2. The thermal imaging method of claim 1 wherein the ratio of the maximum dynamic friction coefficient to the minimum dynamic friction coefficient is less than 1.9.

3. The image forming method by heat according to 1 or 2 above, wherein the heat source is a thin film thermal head.

4. The thermal imaging method of any of the preceding paragraphs wherein the outermost layer is the outermost layer of the heat sensitive element.

[0092] 5. The thermal imaging method of any of the preceding paragraphs wherein the outermost layer is a protective layer applied to the heat sensitive element.

6. The thermal imaging method of any of the preceding paragraphs wherein the outermost layer comprises a hydrophilic binder.

7. A thermal imaging method according to any of the preceding paragraphs wherein the outermost layers are cross-linked.

8. A thermal imaging method according to any of the preceding paragraphs wherein said outermost layer comprises a matting agent.

9. The thermal imaging method of any of the preceding paragraphs wherein the outermost layer comprises at least one lubricant.

10. 9. The thermal imaging method according to 9 above, wherein the lubricant is selected from the group consisting of silicone derivatives, polyolefins, fatty acid derivatives, fatty alcohol derivatives and phosphoric acid derivatives.
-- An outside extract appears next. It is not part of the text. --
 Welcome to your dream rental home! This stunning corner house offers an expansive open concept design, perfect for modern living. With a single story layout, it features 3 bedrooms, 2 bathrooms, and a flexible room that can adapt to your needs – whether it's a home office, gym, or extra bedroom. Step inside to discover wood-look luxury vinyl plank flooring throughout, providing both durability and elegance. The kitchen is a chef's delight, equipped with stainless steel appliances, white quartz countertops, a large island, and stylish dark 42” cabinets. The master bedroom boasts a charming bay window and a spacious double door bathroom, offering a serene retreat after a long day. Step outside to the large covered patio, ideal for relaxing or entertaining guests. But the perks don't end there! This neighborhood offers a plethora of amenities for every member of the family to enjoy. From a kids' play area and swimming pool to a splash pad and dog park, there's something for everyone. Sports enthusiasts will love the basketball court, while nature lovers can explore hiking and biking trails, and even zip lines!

11. The method for forming an image by heat according to any one of the above items, wherein the substantially non-photosensitive silver salt is a substantially non-photosensitive organic silver salt.
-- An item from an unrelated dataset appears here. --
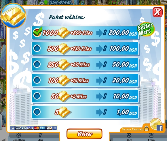 Aber wie es eben bei Millionaire City so ist, kannst Du dieses attraktive Haus nur durch die Einsatz von Goldbarren erwerben. Üblicherweise musst Du dazu 70 Barren aus Deinem Tresor auf den Tisch des Verkäufers schleppen. Diese Goldbarren könnte man gegen echtes Geld kaufen. Die Preisliste zeigt mehrer Staffelpreise und „empfiehlt“ Dir, mit dem Einsatz von $200,00 (EUR 160,00), den „besten Wert“ zu nutzen.

[Brief description of drawings]

FIG. 1 is a printout of the strain gauge response (volts) as a function of printing time (seconds) (= printing with 11 blocks each printed with different electrical energy per dot). (Position) is a graph showing.
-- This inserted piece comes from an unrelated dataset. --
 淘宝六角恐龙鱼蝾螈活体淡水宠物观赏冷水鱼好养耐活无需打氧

 ─────────────────────────────────────────────────── ─── Continuation of the front page (72) Inventor Paul Jiyansen Belgian Bee 2640 Maltsel Septestrat 27 Agfuer-Gevert Namurose Fuennaught Shyup (72) Inventor Johann Rokiyuhuye Belgian B2640 Moltsel・ In Septestrat 27 ・ Aghua-Gevert Namurose ・ Fennaught Shyat (72) Inventor Balth Holsten Belgium B 2640 Maltsel ・ Septestrate 27 ・ Aghua-Gevert ・ Namrose ・ Fennaught Shyat

Claims (1)

[Claims] 1. A recording material comprising at least one heat-sensitive element on a support comprising (i) a substantially light-insensitive silver salt and a reducing agent therefor in thermal working relationship therewith. Contacting the outer layer with a heat source, (ii) applying heat from the heat source to the recording material while maintaining mutual contact with relative motion between the recording material and the heat source, and (iii) A thermal imaging method comprising the step of separating a recording material from the heat source, wherein the coefficient of dynamic friction during contact between the outermost layer of the recording material and the heat source is 0.3. A method having a smaller maximum value.